たとえば愛する家族が自然災害や事故に遭ったとき、電話をかけてまず確認するのは「無事か!?」ということであり、安全かどうかではありません。「無事か!?」と聞けばそれだけで主語は電話を受け、質問されている本人だと分かります。質問された人自身に、ケガや病気がないかを確認しているのです。そして、もし家族が親など目上であれば「ご無事ですか?」と敬語が使えます。
一方で、もし「安全か!?」とだけ質問するとしたら、それは質問された人自身にケガがあろうとなかろうと関係ありません。質問に答えるなら「あぁ、避難所まで来たよ。腕の骨が折れたから治療してもらってる」というような返答ができます。つまりこの場合、安全なのは「場所」です。したがって相手が親など目上であったとしても、「ご安全ですか?」とはならず、「そこは安全ですか?」「安全な場所にいらっしゃいますか?」という言葉遣いになります。
このように、敬語としての「ご」は人にしか付きませんので、「ご安全に」という使い方に対して、多くの人が違和感を覚えるのです。
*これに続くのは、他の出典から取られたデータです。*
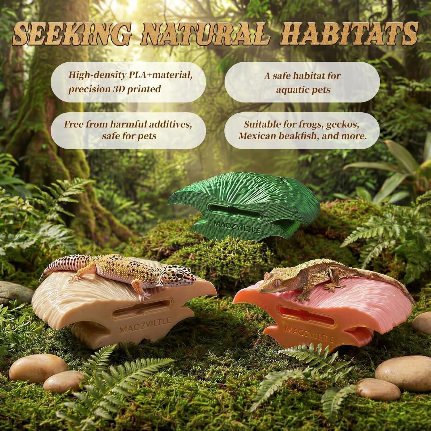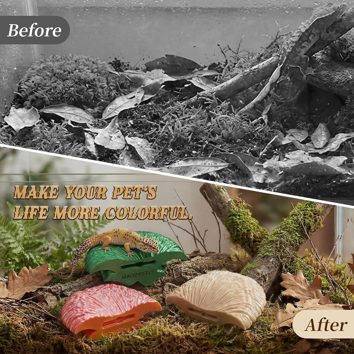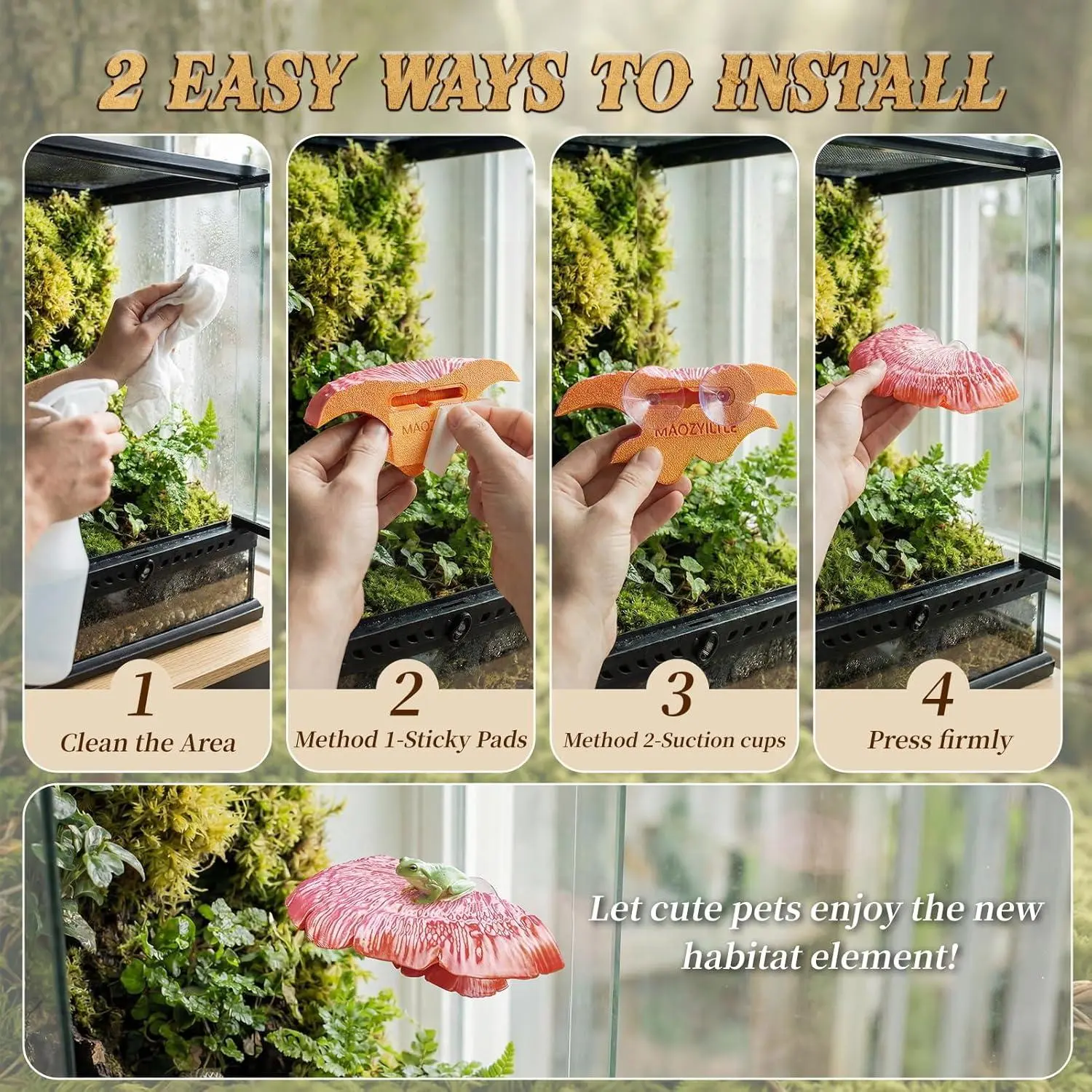 Mushroom Reptile Ledge| Tree Frog Terrarium Tank Accessories, Crested Gecko Tank Accessories, Frog Habitats, Fish Tank Decor, Axolotl Hides| Terrarium Plants Decor| Pet-Safe | 4 Suction Cups (Beige)

もし、人に対して「安全」を使うとどうなるでしょうか。
「安全」の対義語は「危険」ですから、「あの人は安全だ」というとき、意味することは危険ではないということです。スパイ映画のような状況で使われるなら、「あの人はあなたに危害を及ぼすことはない」もしくは「あの人は信用できる」「あの人は口が堅い」という意味になり、「ご安全に」が意図しているニュアンスとは大きく食い違っていることが分かるでしょう。
業界用語としての「ご安全に!」
では、人以外に対しても付ける美化語としての「ご」ならどうでしょうか。
「ご」(接く言葉によっては「お」だったり「み」だったりします)は、「これから特別な使い方をしますよ」という記号として使われます。その中で、敬意を含まなかったり、人以外に使われたりするものを美化語といいます。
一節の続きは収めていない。